Oh good lord almighty, Author-friends, we knew you were clever and talented BUT REALLY THIS IS TOO MUCH, and, thanks to you, we have spent our ENTIRE WEEKEND IN AN AGONY OF INDECISION. But it was a deliciously happy agony, all the same. We laughed so hard we cried, ladies and gentlemen. We are so proud of you. For reals. EVERY ONE OF YOU deserves a pat on the back and a nice pastry (except for maybe one or two persons who mistook "incorporates foxy assistants" for "please pen a totally delusional and fairly creepy fantasy about the office help," AHEM).

We were expecting awesome, but we were not expecting quite so much awesome, and thus have revised our contest slightly by incorporating a small quantity of Additional Prizewinning Categories, as is our Prerogative. Because YOU have inspired US to be a little more amazing, ALL of the following longlist of persons may feel free to email us at rejectionistandyourmom [at] gmail.com with your mailing address and, as promised, either your query letter or the first five pages of your manuscript, and we will presently a. mail you a treatlike item and b. provide you with insightful critique of said query letter/pages BECAUSE THAT IS THE SORT OF GENEROUS, SELFLESS PERSON WE ARE.


And now! THE WINNERS!

HONORABLE MENTIONS; Or, The Longlist of True and Total Amazement

Best Musical Number: Jess Haines

Best Zombie/Best Insinuation That Reading Young Adult Literature Is More Fun Than Our Actual Job, Which is Definitely True: Rachel Menard

Best Usage of the Acrostic From Someone Who Probably Does Not Need Our Help With a Query Letter: Janet Reid

Most Pleasing Haiku: Hiero

Most Delightfully Succinct and Deliciously Subtle: scott g.f.bailey

Most Severely Mindblowing Misappropriation of Canonical Text To Create A Narrative That Cannot Exactly Be Described As a Form Rejection But Is So Amazing We Had To Make Up A Special Category For It: A TIE between Ink ("OMFG MY HEAD JUST MELTED," says Chérie L'Ecrivain) and Ulysses ("ULYSSES WINS, although he seems to be laboring under the misapprehension that you have cleavage," says Chérie L'Ecrivain)
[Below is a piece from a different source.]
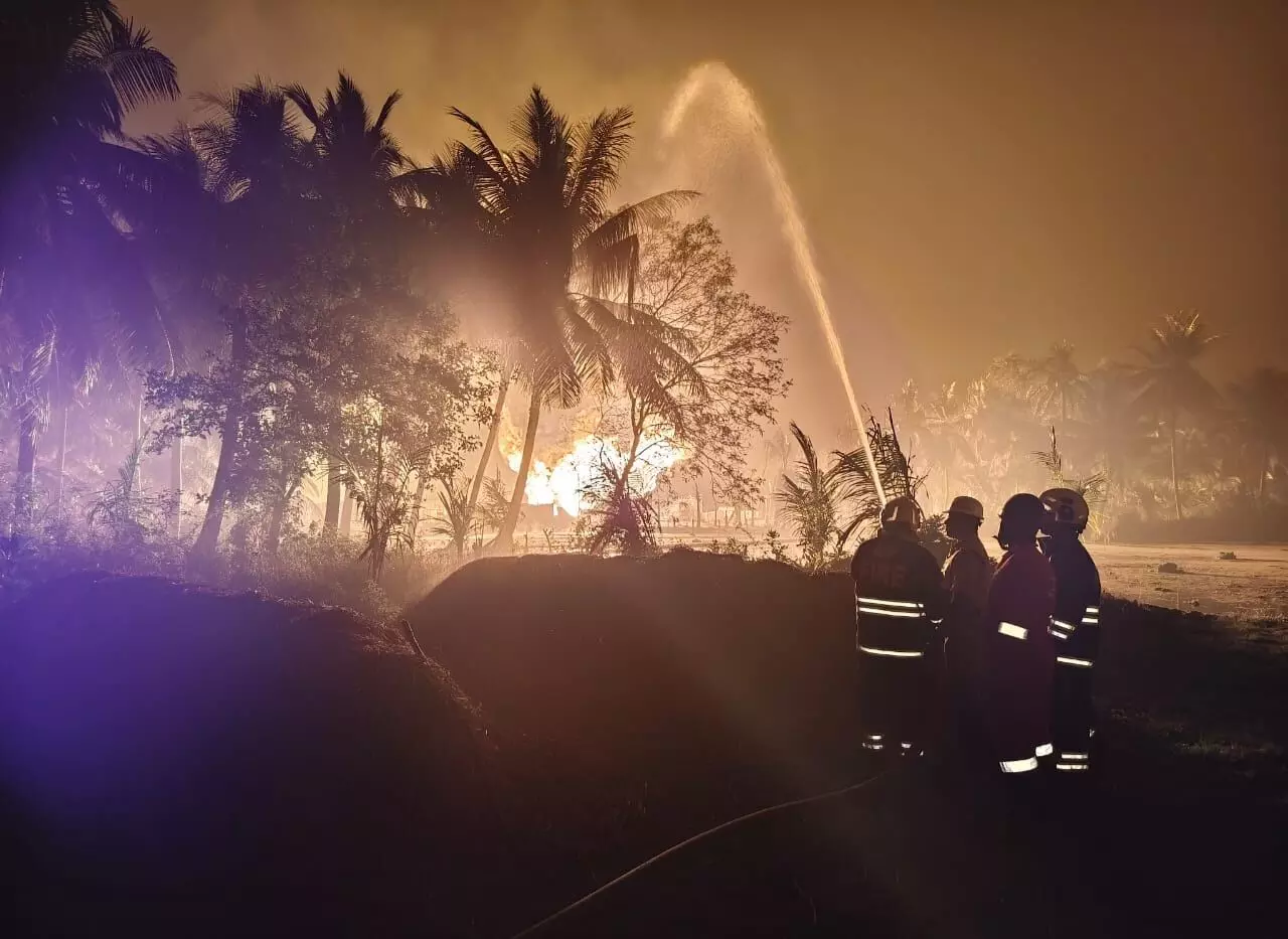 Locals reported that nearly 500 coconut trees were burnt, with extensive damage to crops and aquaculture. The full extent of losses will be assessed once the fire is brought under control.

AND NOW... DRUMROLL PLEASE!!!

The Right Honorable Compositor of THE MOST AMAZING Form Rejection in the History of the Universe is...

BRIAN BUCKLEY!!!!!!!!!!!!



Dear Sir or Madam:

Please don't be offended. Your query's horrendous.
We can't understand why you'd bother to send us
a missive so deeply in need of an edit
we wanted to vomit as soon as we read it.
Its hook was insipid, its grammar revolting,
its font microscopic, its manner insulting,
its lies unconvincing, its structure confusing,
its efforts at comedy less than amusing.
We think that on average the writing is better
in comments on YouTube than inside your letter.
"No matter," we said to ourselves after retching,
"The novel itself may be perfectly fetching."
On reading your pages we promptly were greeted
with something a wallaby might have excreted:
a plot so moronic, a premise so weary,
and characters so unrelentingly dreary,
descriptions so lifeless, a setting so boring
that only our nausea kept us from snoring.
In short: if your book was a vaccine for cancer,
its margins inscribed with Life's Ultimate Answer,
and all other novels on Earth were rejected,
we're still pretty sure we would not have selected
this terrible, awful, impossibly hated,
unspeakably horrible thing you've created.
But thanks for submitting! We hope you'll consider
alternative ways to get published (like Twitter)!

DEAR GOD, sir, YOU HAVE AMAZED US.

Thank you so much, Author-friends, for making our week. We adore you. ONWARD!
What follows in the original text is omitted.